### Stored items

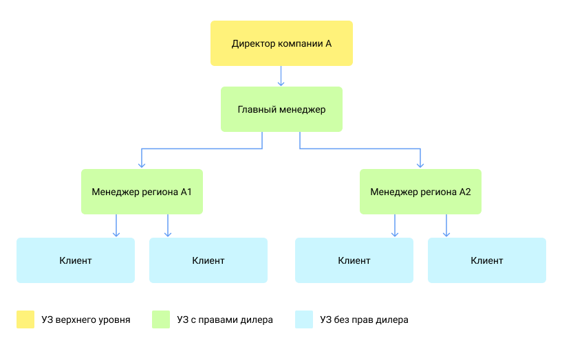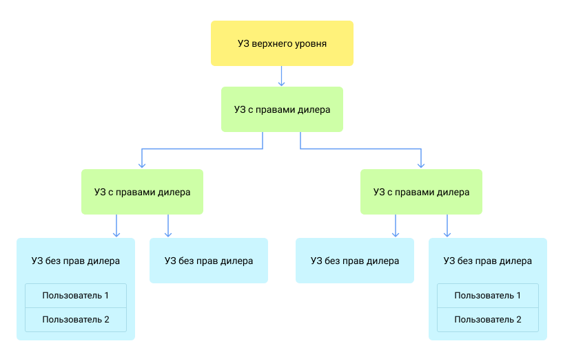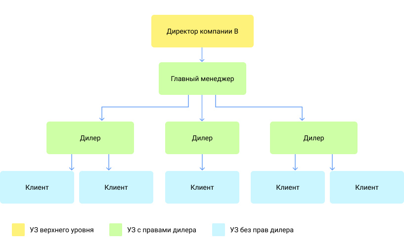 Наименьшее рекомендуемое количество уровней в иерархии — три (УЗ верхнего уровня, УЗ с правами дилера, УЗ без прав дилера). В зависимости от особенностей вашего бизнеса, может понадобиться более глубокая и разветвленная структура сервиса.
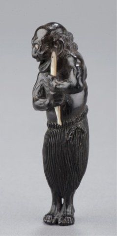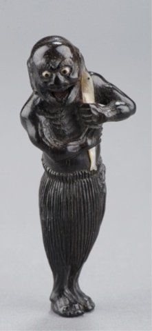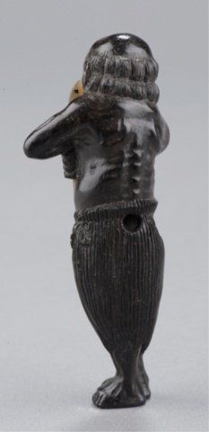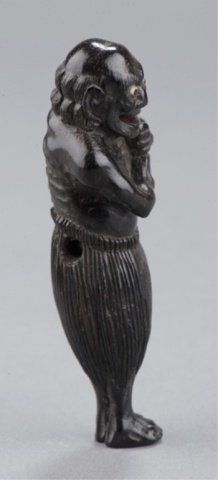 Early 19th century. Standing, wearing a grass skirt, the eyes are inlaid in ivory with horn pupils, in front of him he holds a long mother of pearl fish with both hands. Unsigned. 3 1/8in (8cm).
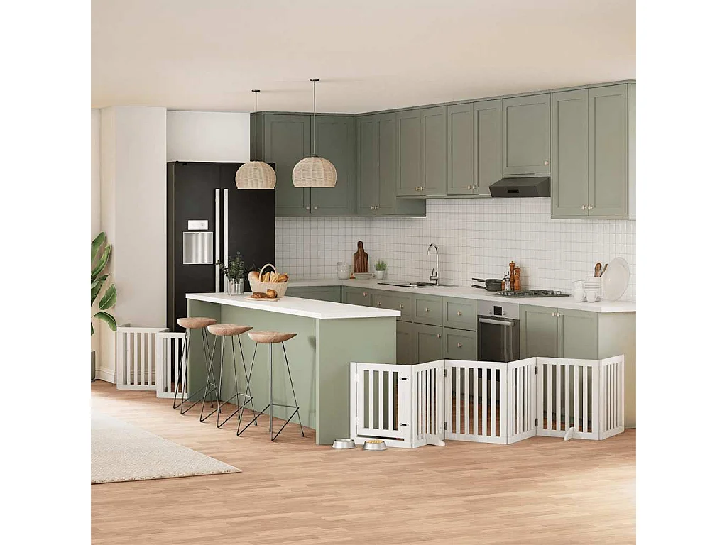Portão para cães com porta dobrável 12 painéis 600cm álamo branco
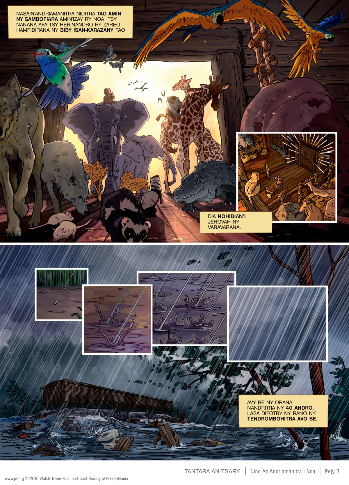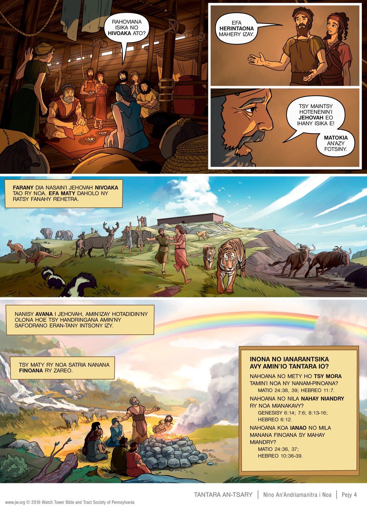 Jereo ato ny tantaran’i Noa. Nanao sambofiara ngezabe izy, amin’izay tsy ho faty izy mianakavy sy ireo biby.
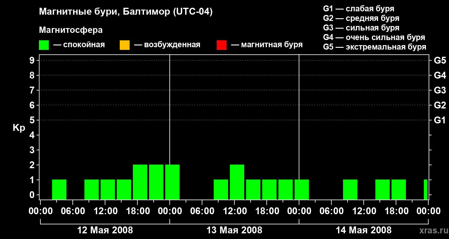 Изменения геомагнитного индекса Kp с 12 по 14 мая 2008 года для средних широт
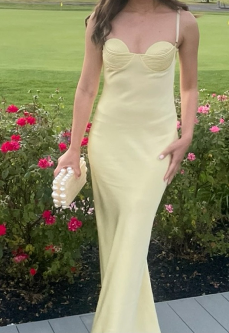 It was a gorgeous dress and fit like a glove! I’m 5’4” and typically an XS or 0 in dresses so it for perfectly. I was nervous before about the length but it was the perfect length and just lightly grazed the floor whole wearing heels. The color is the perfect pale butter yellow and was perfect for a black tie wedding this summer in Montecito.
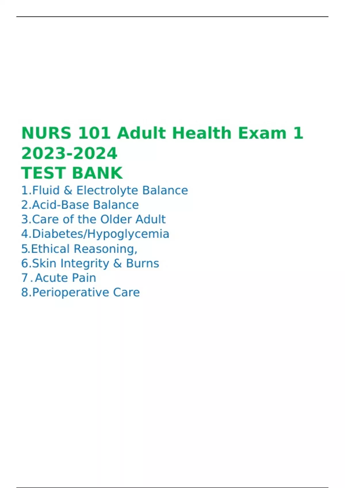 NURS 101 Adult Health Exam TEST BANK
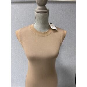 Rowan Ellis Contour Tank Sleeveless Slit Cotton Midi Dress in Stone Beige S NWT
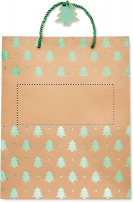 Elegante Geschenktüte aus Kraftpapier mit saisonalem Muster. Inklusive Geschenkanhänger. 250 g/m².
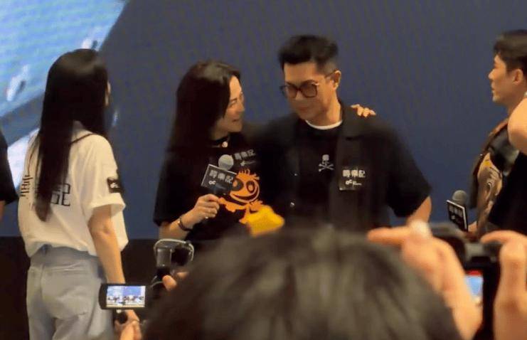 活动现场,一向形象硬朗的古天乐,看到时隔 25年依然深受大家喜爱,忍不住落泪。现场网友拍下的视频可见,古天乐一度低头擦眼泪,身旁的宣萱见状,第一时间伸手拍他肩膀安慰。没想到古天乐随即顺势伸手,温柔抱住宣萱的腰,两人在台上的亲密互动尽显多年默契。
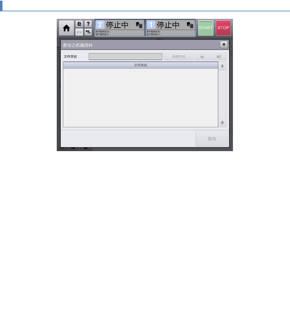 为了保存机器资料,需要从 USB 存储器内的文件夹名列表中选择,使文件夹名显示在文本区域里。
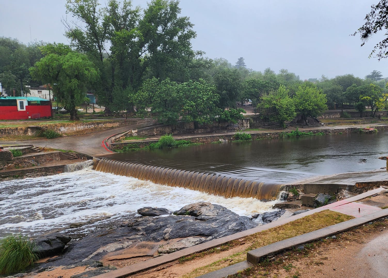 Los niveles de creciente no son tan elevados, 2 metros en el vado de Cuesta Blanca y 1,5 en Carlos Paz, pero el ingreso de agua será constante ya que hasta el momento continúa lloviendo en toda la cuenca.
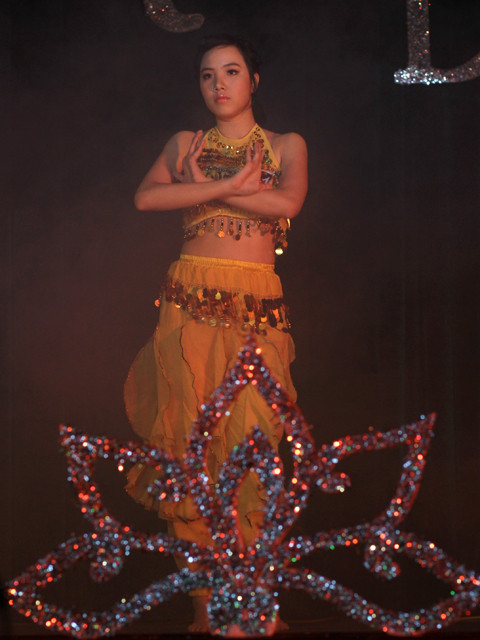 Khuôn mặt trang điểm vừa đủ đậm làm nổi bật đôi mắt và điểm dấu đỏ trên trán. Trang phục biểu diễn vừa đủ độ kín đáo tôn thêm đường nét duyên dáng của cơ thể; kèm thêm tiếng xủng xẻng của những đồng tiền càng thu hút sự chú ý của khán giả. Cùng với động tác vũ đạo và tiếng nhạc, các thí sinh thực sự đưa khán giả đến với thế giới văn hóa của đất nước Ấn Độ.

### Your instructions
Set down all of the data word for word; no pictures belong in it.

### Expected output
 Наименьшее рекомендуемое количество уровней в иерархии — три (УЗ верхнего уровня, УЗ с правами дилера, УЗ без прав дилера). В зависимости от особенностей вашего бизнеса, может понадобиться более глубокая и разветвленная структура сервиса.
 Early 19th century. Standing, wearing a grass skirt, the eyes are inlaid in ivory with horn pupils, in front of him he holds a long mother of pearl fish with both hands. Unsigned. 3 1/8in (8cm).
Portão para cães com porta dobrável 12 painéis 600cm álamo branco
 Jereo ato ny tantaran’i Noa. Nanao sambofiara ngezabe izy, amin’izay tsy ho faty izy mianakavy sy ireo biby.
 Изменения геомагнитного индекса Kp с 12 по 14 мая 2008 года для средних широт
 It was a gorgeous dress and fit like a glove! I’m 5’4” and typically an XS or 0 in dresses so it for perfectly. I was nervous before about the length but it was the perfect length and just lightly grazed the floor whole wearing heels. The color is the perfect pale butter yellow and was perfect for a black tie wedding this summer in Montecito.
 NURS 101 Adult Health Exam TEST BANK
 Rowan Ellis Contour Tank Sleeveless Slit Cotton Midi Dress in Stone Beige S NWT
 Elegante Geschenktüte aus Kraftpapier mit saisonalem Muster. Inklusive Geschenkanhänger. 250 g/m².
 活动现场,一向形象硬朗的古天乐,看到时隔 25年依然深受大家喜爱,忍不住落泪。现场网友拍下的视频可见,古天乐一度低头擦眼泪,身旁的宣萱见状,第一时间伸手拍他肩膀安慰。没想到古天乐随即顺势伸手,温柔抱住宣萱的腰,两人在台上的亲密互动尽显多年默契。
 为了保存机器资料,需要从 USB 存储器内的文件夹名列表中选择,使文件夹名显示在文本区域里。
 Los niveles de creciente no son tan elevados, 2 metros en el vado de Cuesta Blanca y 1,5 en Carlos Paz, pero el ingreso de agua será constante ya que hasta el momento continúa lloviendo en toda la cuenca.
 Khuôn mặt trang điểm vừa đủ đậm làm nổi bật đôi mắt và điểm dấu đỏ trên trán. Trang phục biểu diễn vừa đủ độ kín đáo tôn thêm đường nét duyên dáng của cơ thể; kèm thêm tiếng xủng xẻng của những đồng tiền càng thu hút sự chú ý của khán giả. Cùng với động tác vũ đạo và tiếng nhạc, các thí sinh thực sự đưa khán giả đến với thế giới văn hóa của đất nước Ấn Độ.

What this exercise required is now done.